Scran deconvolution in Flow can be invoked in Normalization and scaling section by clicking any single cell counts data node (Figure 1).

Figure 1. Scran deconvolution task in Normalization and scaling section in Flow.

To run Scran deconvolution

  • Click a single cell counts data node
  • Click the Normalization and scaling section in the toolbox
  • Click Scran deconvolution

The GUI is simple and easy to understand. The first Scran deconvolution dialog is asking to select the cluster name from a drop-down list that includes all the attributes for this dataset. The selected cluster is an optional factor specifying which cells belong to which cluster, for deconvolution within clusters (Figure 2).  Simply click the Finish button if you want to run the task as default.

Figure 2. Interface of Scran deconvolution task in Partek Flow. Example attributes are indicated in the drop-down list if Cluster name is checked. 

The output of Scran deconvolution is a new data node that has been normalized by the pool-based size factors of each cell and log2 transformed.

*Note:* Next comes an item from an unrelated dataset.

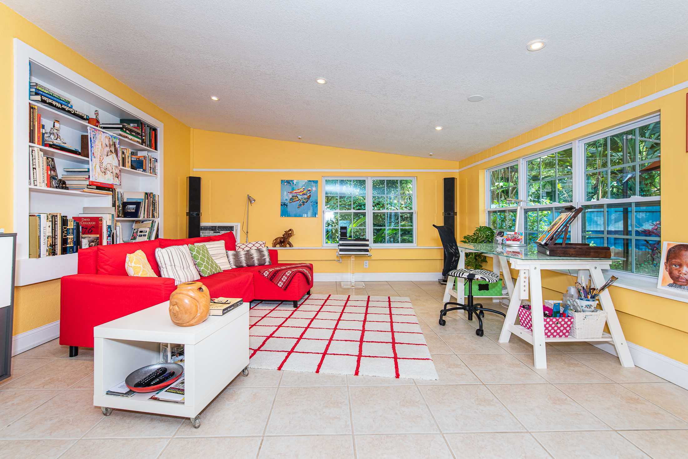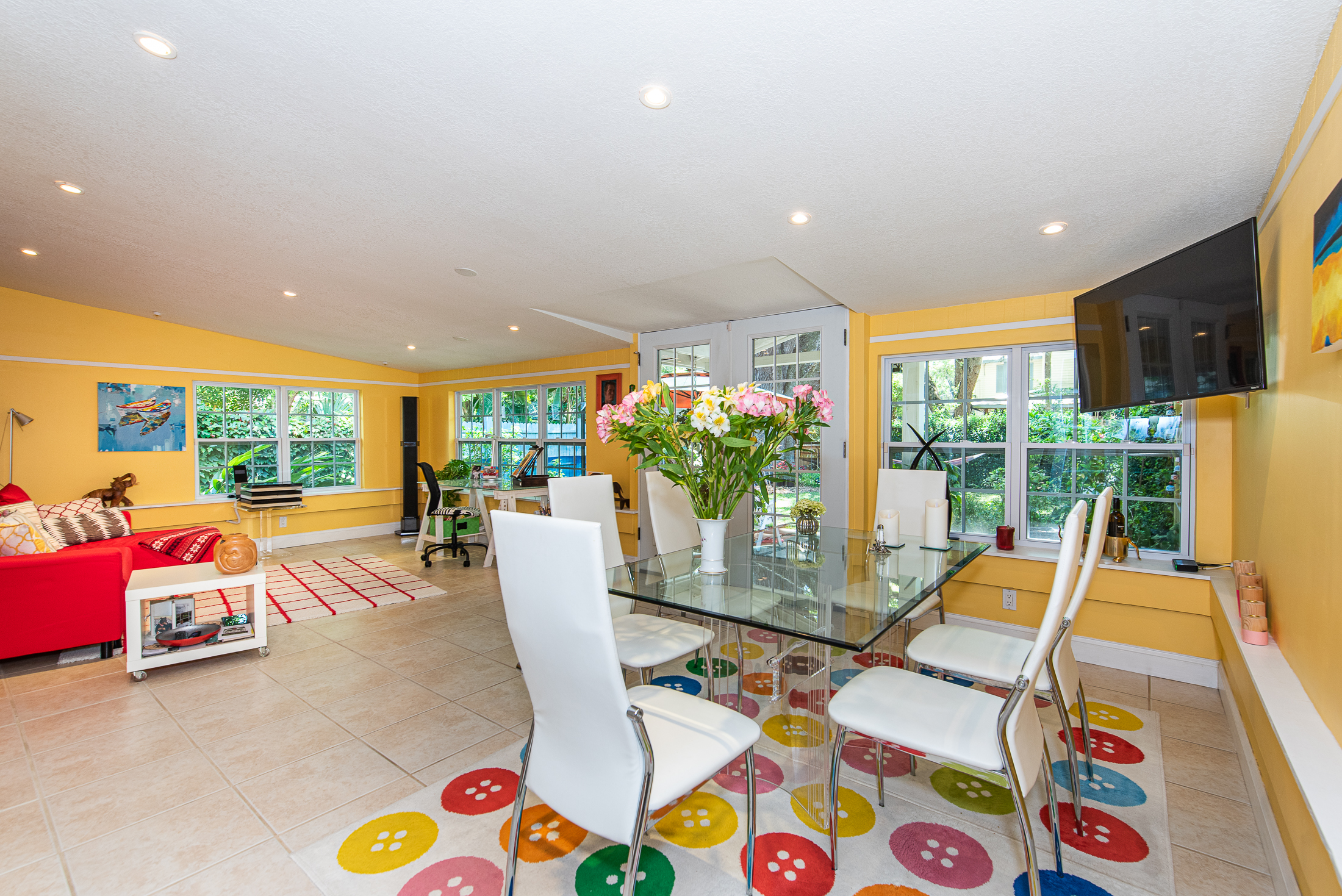 En-suite, the primary bedroom is on the west side. A peaceful retreat with private bath and courtyard. Additional bedrooms are off the living room. Nicely proportioned with large closets, these 2 share the updated hall bath. French doors separate the kitchen from Florida room which is where the owners spend most of their time unless they’re in the garden or puttering in the big garage. 2 walls of windows overlook the backyard. A very generous room, it currently serves as the media room, dining area and office. No matter how you use it, this is bound to become a favorite place to nest.

We can then use this new normalized matrix for downstream analysis and visualization (Figure 3).

Figure 3. Example workflows to demonstrate downstream analysis and visualization of Scran deconvolution output.


Other parameters in this task that you can adjust include:

Pool size: A numeric vector of pool sizes, i.e., number of cells per pool.

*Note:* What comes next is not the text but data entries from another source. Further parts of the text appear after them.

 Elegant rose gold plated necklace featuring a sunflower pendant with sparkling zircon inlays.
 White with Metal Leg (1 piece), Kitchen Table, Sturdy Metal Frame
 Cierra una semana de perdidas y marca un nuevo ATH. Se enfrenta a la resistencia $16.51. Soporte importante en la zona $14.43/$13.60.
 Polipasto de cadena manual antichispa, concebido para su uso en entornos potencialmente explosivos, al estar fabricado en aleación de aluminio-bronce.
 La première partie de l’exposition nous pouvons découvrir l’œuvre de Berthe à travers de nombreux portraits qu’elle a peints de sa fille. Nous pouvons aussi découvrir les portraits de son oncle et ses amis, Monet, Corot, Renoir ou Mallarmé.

Max cluster size: An integer scalar specifying the maximum number of cells in each cluster.

Enforce positive estimates: A logical scalar indicating whether linear inverse models should be used to enforce positive estimates.

Scaling factor: A numeric scalar containing scaling factors to adjust the counts prior to computing size factors.




References

  1. Lun, A. T., K. Bach, and J. C. Marioni. Pooling across cells to normalize single-cell RNA sequencing data with many zero counts. Genome Biol. 2016.